It fits on a 1"x1" board (as part of the Square Inch Project) and uses the minimal amount of parts needed to satisfy USB specs.
The design goal was to make something somewhat useful (a programmable indicator light) that is very easy to reproduce (with minimal, common, through-hole parts).
Components
1×
ATTiny85
1×
USB-B connector
1×
RGB LED
Common cathode
2×
68 ohm resistors
For USB data lines
1×
5k ohm resistor
Pull up for D- (anywhere between 2.5k and 10k seems to work)
I came back from holiday vacation to discover a Shapeways box waiting on the doorstep.
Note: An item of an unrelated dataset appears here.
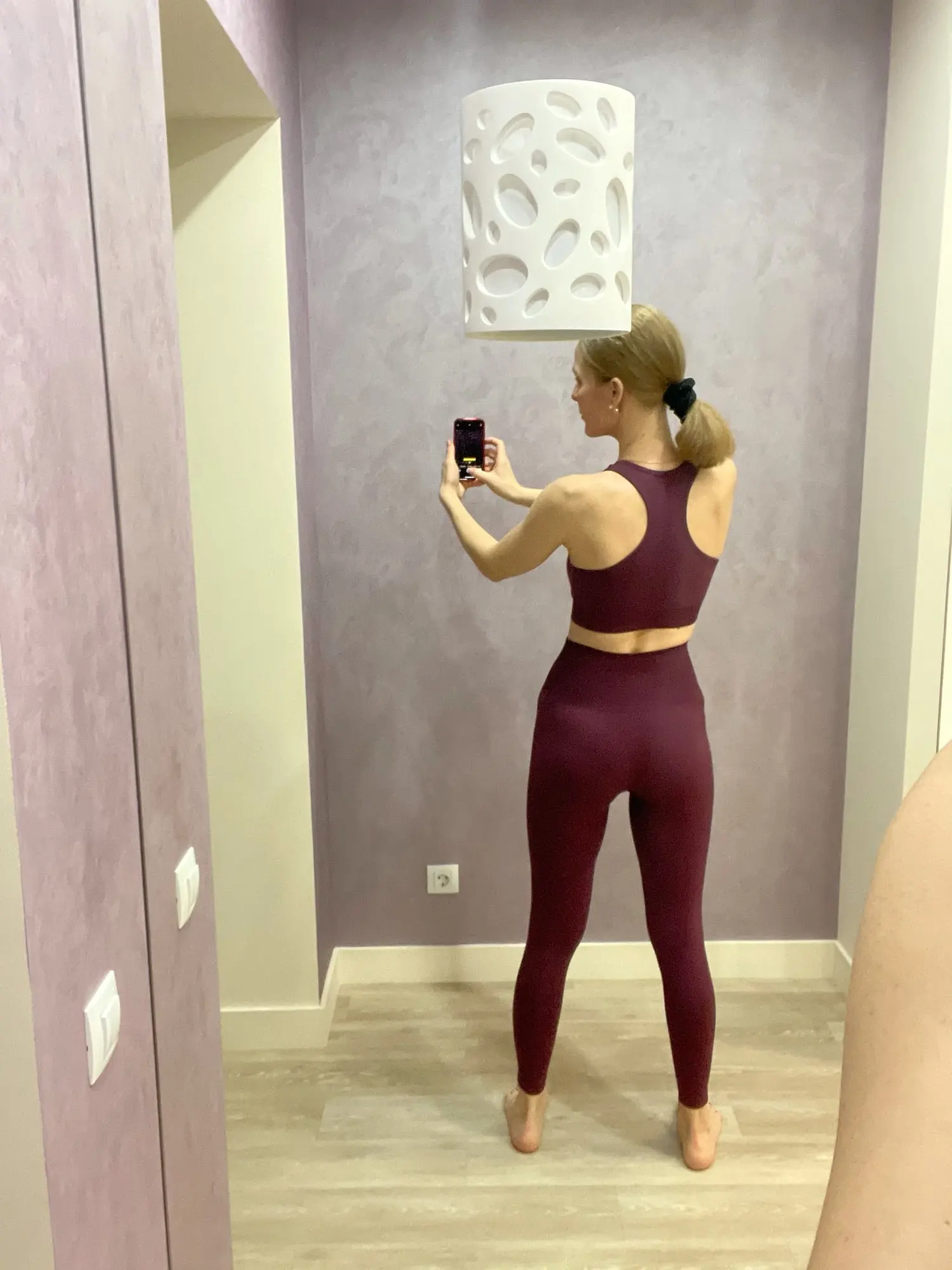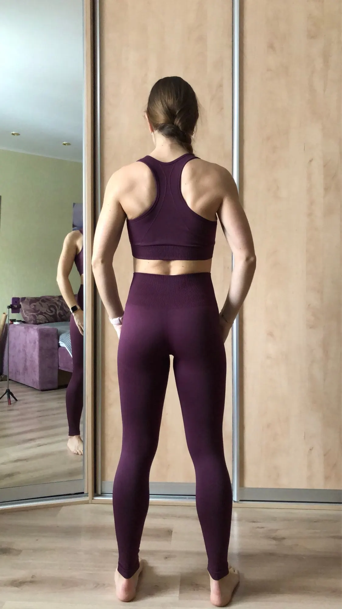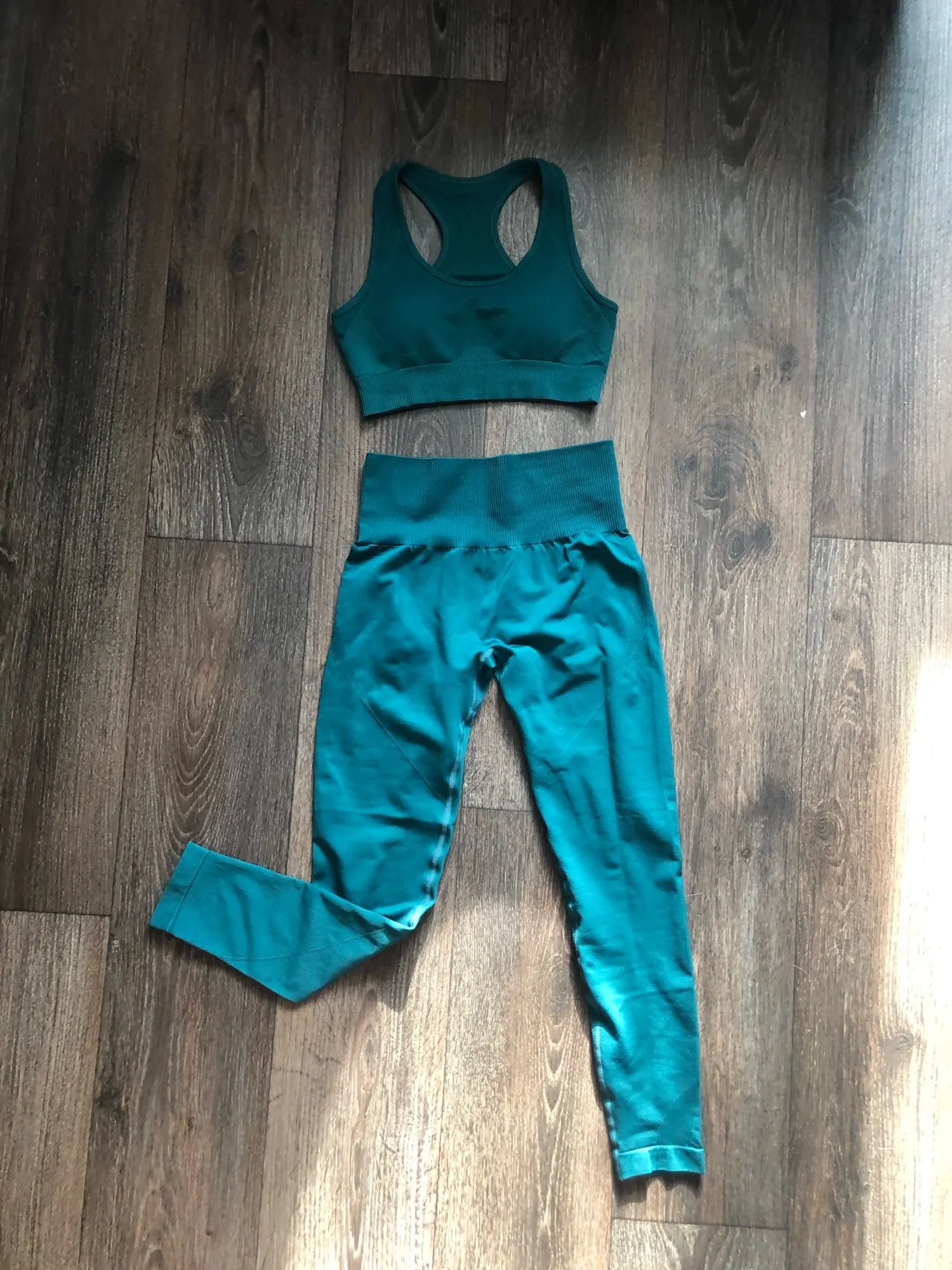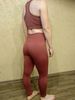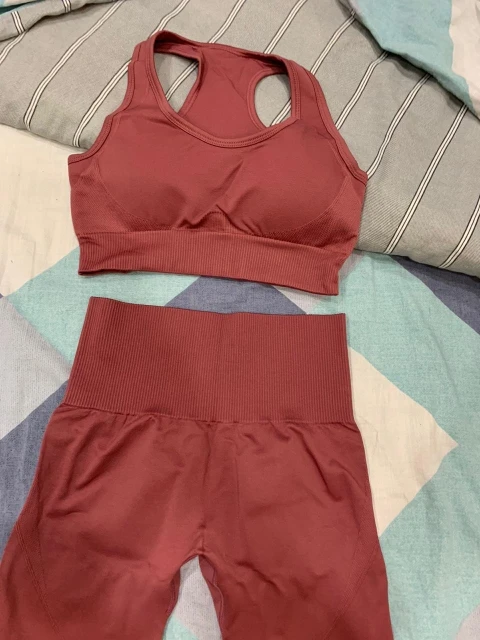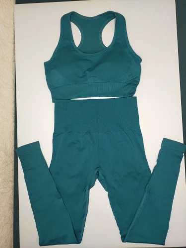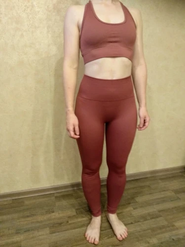 Костюм просто опупительный! Компрессия хорошая, мышцы все держит. Цвет точно как на фото. И он просто восхитительный. Переживала за топ, но зря. Сел хорошо, не плющит. Есть вставки-чашечки. Лосины не светят. А с бесшовным бельём вообще ничего видно не будет. Не смотря на то, что ткань плотная и с утяжкой, попу не уплощают. Довольна как слон! Посмотрю как в носке и закажу в других цветах. Доставка до Москвы быстрая в Пятёрочку. Спасибо продавцу.

Inside I found two copies of the 3d printed cube enclosure, which came out looking nice, fit together well, and let enough light through to show up in sunlight.
The light is a little unbalanced in the corner but that's more an issue with the LED placement than the cube itself.
Starting with a fork of the ATTinyTemp enclosure i created a rounded cube enclosure for the blink(inch) in OpenSCAD. It is just a bit larger than an inch^3, and thanks to the original parametric design the only real effort went into making sure the hole for the USB plug was the right size.
To test the circuit I used the HID mouse wiggling example from http://codeandlife.com/2012/02/11/v-usb-tutorial-continued-hid-mouse/ . I've had troubles with enumeration before with V-USB and ATTiny85 but having the 3.6V zener diodes seems to mitigate that -- it enumerated on the first try.
I also ran a non-USB color fading test with pleasant results
The design files are now in this repo: https://github.com/spro/blinkinch. It includes the Eagle schematic and board files plus a .zip of gerber and drill files
While I wait for the PCBs to arrive from OSHPark I'll use an equivalent breadboard to start developing the firmware and driver.
My current conception of the driver exposes a service with a single method:
setRGB(r, g, b, message=null)
Scripts can go about their business (e.g. poll the bitcoin price) and call the service when they want to display some information (e.g. setRGB(255, 0, 0) when the price is declining). The optional message parameter can be used to explain the change, potentially showing up as an unobtrusive notification (like Growl).
Hey, just for your information—your PCB can be smaller and have a different size than a 1x1 inch square. However, it must fit within that square—a 0.5x2 inch rectangle wouldn't be allowed.